__PROBLEM__. The required output is the exact run of lines below that opens at the line with "ウエストのリボンデザインがア" and closes at the line with "- Set comes".

__RECORDS TO USE__.
:::
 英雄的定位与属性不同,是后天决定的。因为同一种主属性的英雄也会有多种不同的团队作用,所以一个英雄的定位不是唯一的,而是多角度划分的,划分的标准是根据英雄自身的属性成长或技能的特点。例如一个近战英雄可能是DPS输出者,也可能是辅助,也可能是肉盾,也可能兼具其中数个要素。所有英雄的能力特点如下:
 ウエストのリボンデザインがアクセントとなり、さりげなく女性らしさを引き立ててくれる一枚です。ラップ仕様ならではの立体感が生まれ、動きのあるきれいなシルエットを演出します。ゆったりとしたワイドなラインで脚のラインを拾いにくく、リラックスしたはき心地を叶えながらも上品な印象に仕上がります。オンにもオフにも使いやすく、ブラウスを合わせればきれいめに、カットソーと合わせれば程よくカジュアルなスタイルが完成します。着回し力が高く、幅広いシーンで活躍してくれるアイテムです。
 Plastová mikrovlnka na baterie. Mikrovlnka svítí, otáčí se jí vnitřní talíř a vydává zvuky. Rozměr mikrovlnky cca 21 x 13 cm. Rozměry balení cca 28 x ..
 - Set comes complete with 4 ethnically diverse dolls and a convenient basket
:::
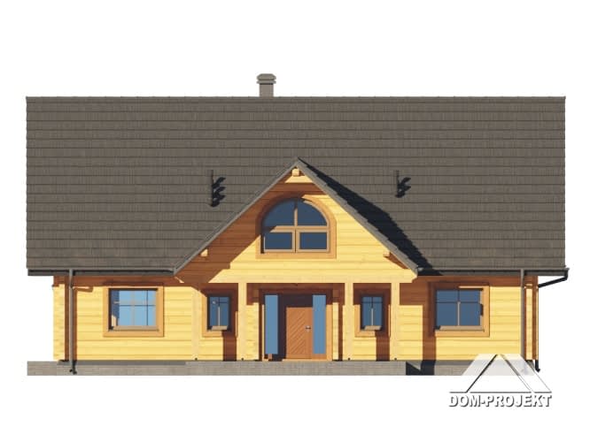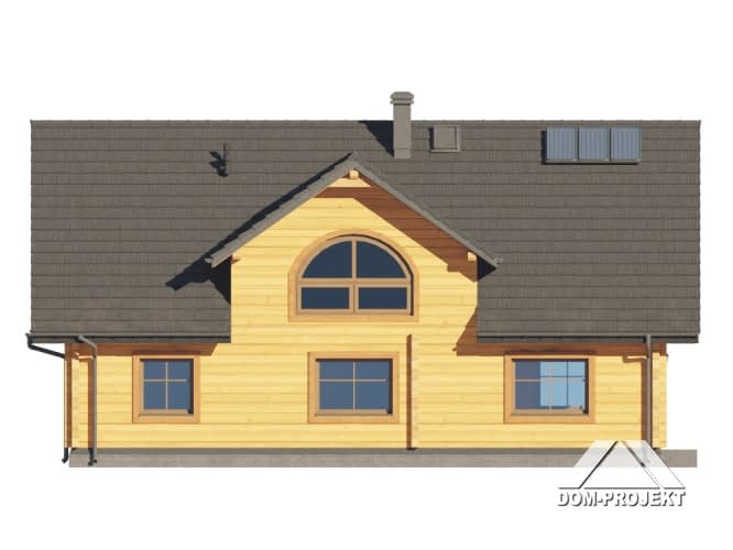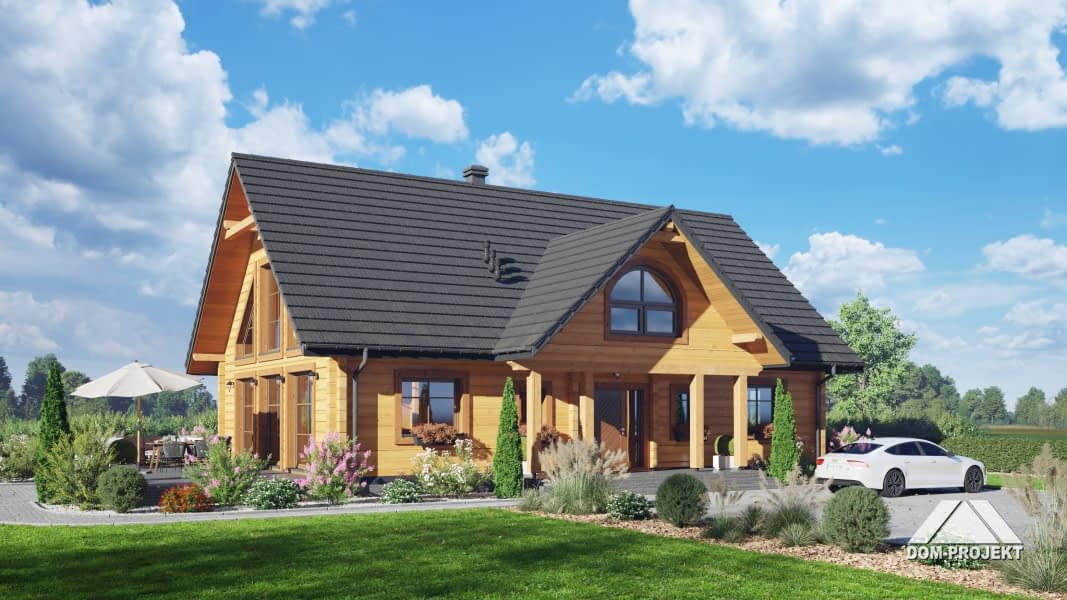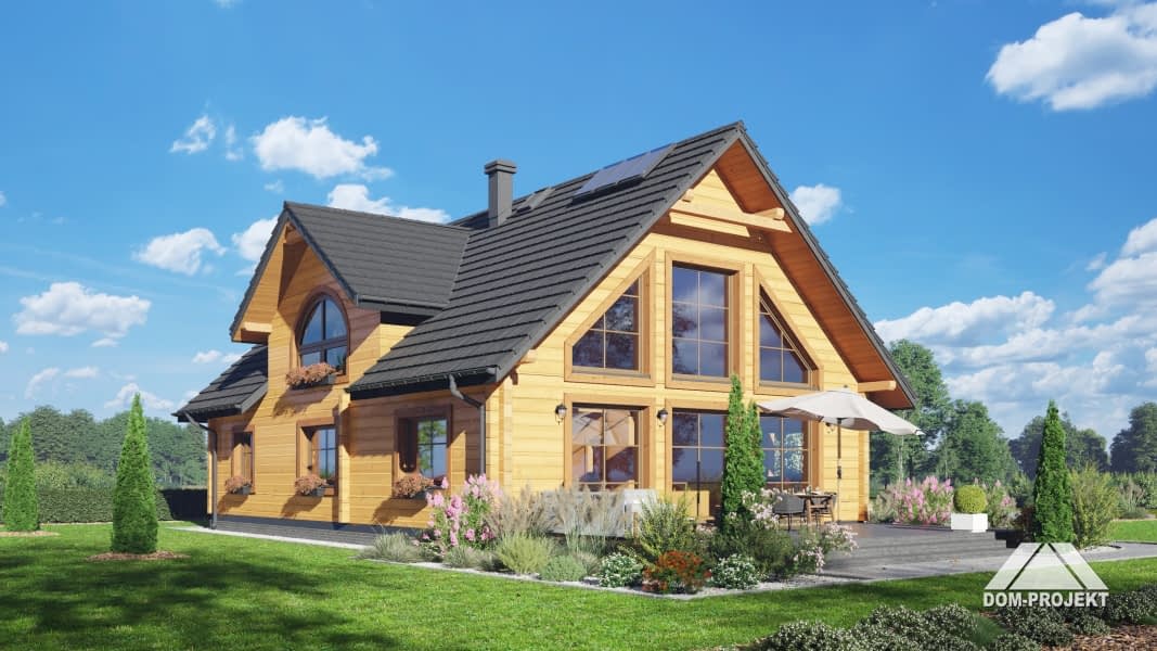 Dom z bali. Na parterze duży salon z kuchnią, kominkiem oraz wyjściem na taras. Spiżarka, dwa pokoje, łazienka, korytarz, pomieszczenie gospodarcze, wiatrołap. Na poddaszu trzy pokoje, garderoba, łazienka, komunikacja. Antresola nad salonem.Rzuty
:::
__OUTPUT__.
 ウエストのリボンデザインがアクセントとなり、さりげなく女性らしさを引き立ててくれる一枚です。ラップ仕様ならではの立体感が生まれ、動きのあるきれいなシルエットを演出します。ゆったりとしたワイドなラインで脚のラインを拾いにくく、リラックスしたはき心地を叶えながらも上品な印象に仕上がります。オンにもオフにも使いやすく、ブラウスを合わせればきれいめに、カットソーと合わせれば程よくカジュアルなスタイルが完成します。着回し力が高く、幅広いシーンで活躍してくれるアイテムです。
 Plastová mikrovlnka na baterie. Mikrovlnka svítí, otáčí se jí vnitřní talíř a vydává zvuky. Rozměr mikrovlnky cca 21 x 13 cm. Rozměry balení cca 28 x ..
 - Set comes complete with 4 ethnically diverse dolls and a convenient basket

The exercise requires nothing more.